In Britain and elsewhere, Fawkes' story ? or rather a popular culture version of it ? has been seized upon as a potent symbol by two increasingly popular anti-government movements.
Stylized Guy Fawkes plastic masks, with a clownish, sinister mustachioed smile and features loosely based on drawings of the anarchist, have been worn by hundreds of antiestablishment protesters from the Occupy Wall Street movement from New York to Hong Kong. Before that, members of the international rogue collective of "hackivists" known as Anonymous had worn the now instantly recognizable masks during protests against the Church of Scientology.
The masks owed their popularity not so much to Fawkes' story, but to the comic book-turned-movie "V for Vendetta," which features a violent, anarchist freedom fighter who fashions himself a modern day Guy Fawkes and rebels against a fascist government. The end of the movie included a scene in which thousands all wearing the masks marched on Parliament, watching it explode spectacularly.
On Saturday, Penny said the masked activists are sending home the message in "V''.

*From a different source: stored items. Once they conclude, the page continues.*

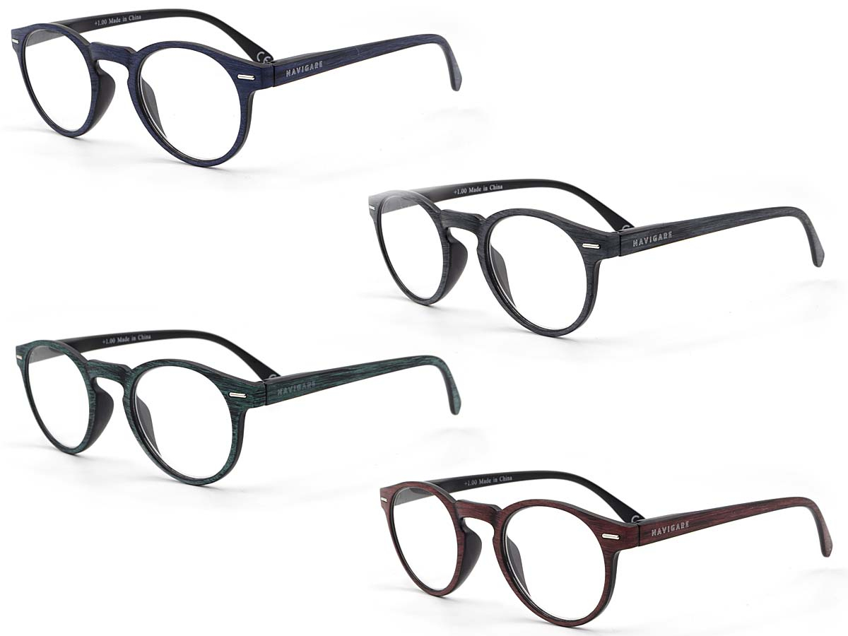 Effetto "legno opaco" con finitura satinata occhiale da lettura in policarbonato Asta con sistema "flex" per una migliore adattabilità al viso Assortimento in 4 colori: rosso scuro/nero - blu/nero - grigio scuro/nero - verde/nero - A CORREDO CUSTODIE RIGIDE ED ASTUCCI MORBIDI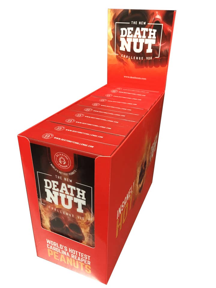 FINALMENTE... un remake e miglioramento della bestia originale! Abbiamo iniziato con deliziosi corn nuts croccanti e tostati e poi abbiamo fatto ciò che sappiamo fare meglio: rendere il tutto piccante! Abbiamo sviluppato un nuovo mix di spezie Chile-Lime e una selezione delle peperoncini più piccanti al mondo per un perfetto equilibrio di sapore intenso e calore bruciante. Non ci sono cristalli puri di capsaicina questa volta, ma abbiamo inventato un processo top-secret a doppio rivestimento per garantire un carico serio di piccantezza in ogni singolo corn nut dentro il tubo. Estremamente piccante!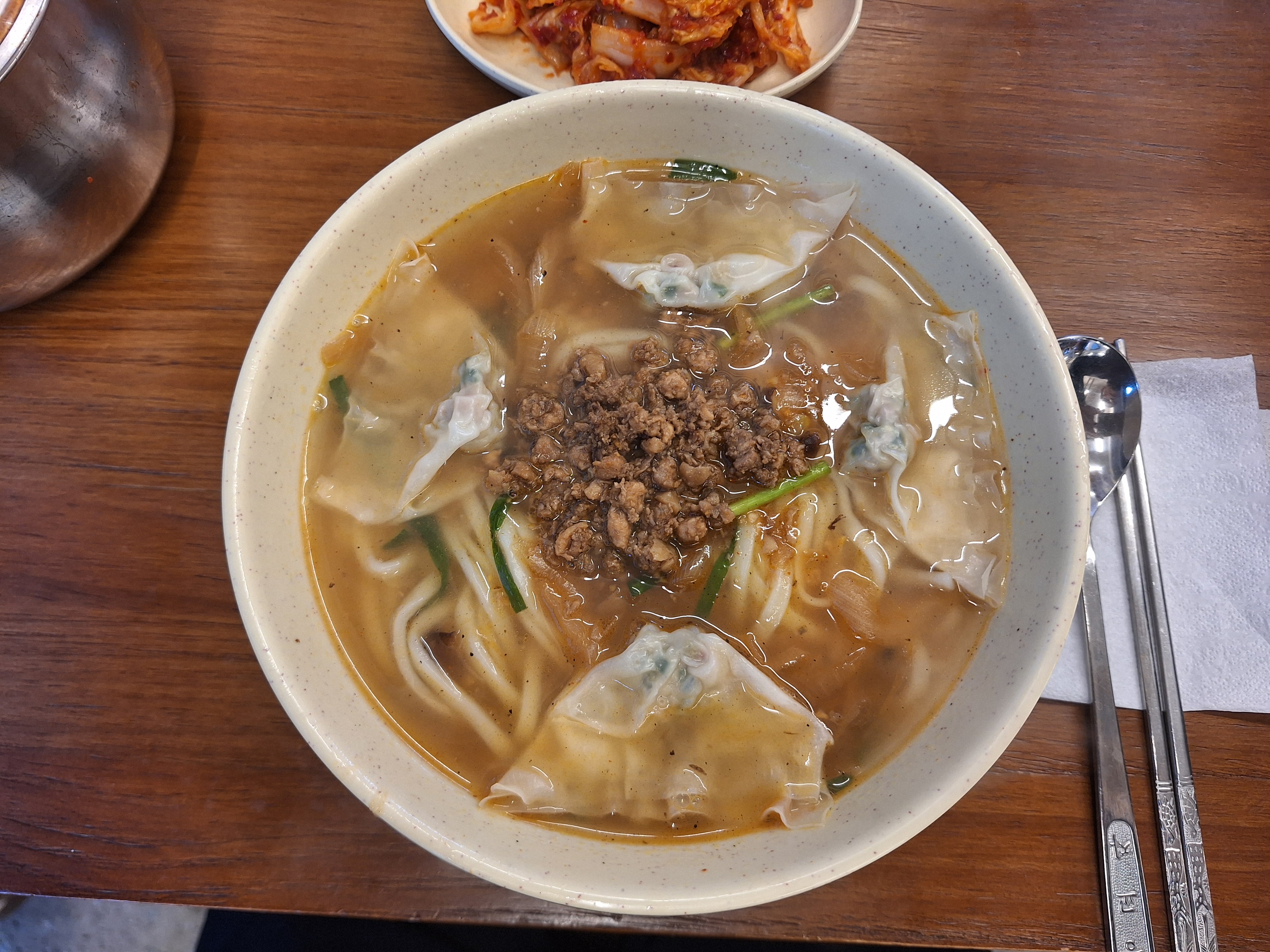 한 그릇에 12,000원. 두께가 엷은 만두가 4개 섞여 있고, 면발은 생각보다 가늘고 부드러웠습니다. 다른 곳은 국물을 닭고기로 우려낸 것 같던데 여기는 소고기인지 돼지고기인지 잘 모르겠지만 아무튼 닭고기는 아닌 듯.

"It's about the power of a shared idea in overcoming state control," she said.
Meanwhile Anonymous, which has made a name for itself by launching cyber attacks on government and large corporate websites, also seized on Guy Fawkes Day by backing an online campaign urging people to collectively withdraw their money from large banks Saturday in a bid to show their anger against the banking sector. Activists have dubbed Saturday "Bank Transfer Day" and "Operation Cashback."
In Britain, the nursery rhyme "Remember, remember, the fifth of November/Gunpowder, treason and plot" is familiar to most as a warning that treason would never be forgiven.
But modern Guy Fawkes Days ? also called Bonfire Night ? rarely evoke the violent story, and instead typically focus on fun fairs and fireworks.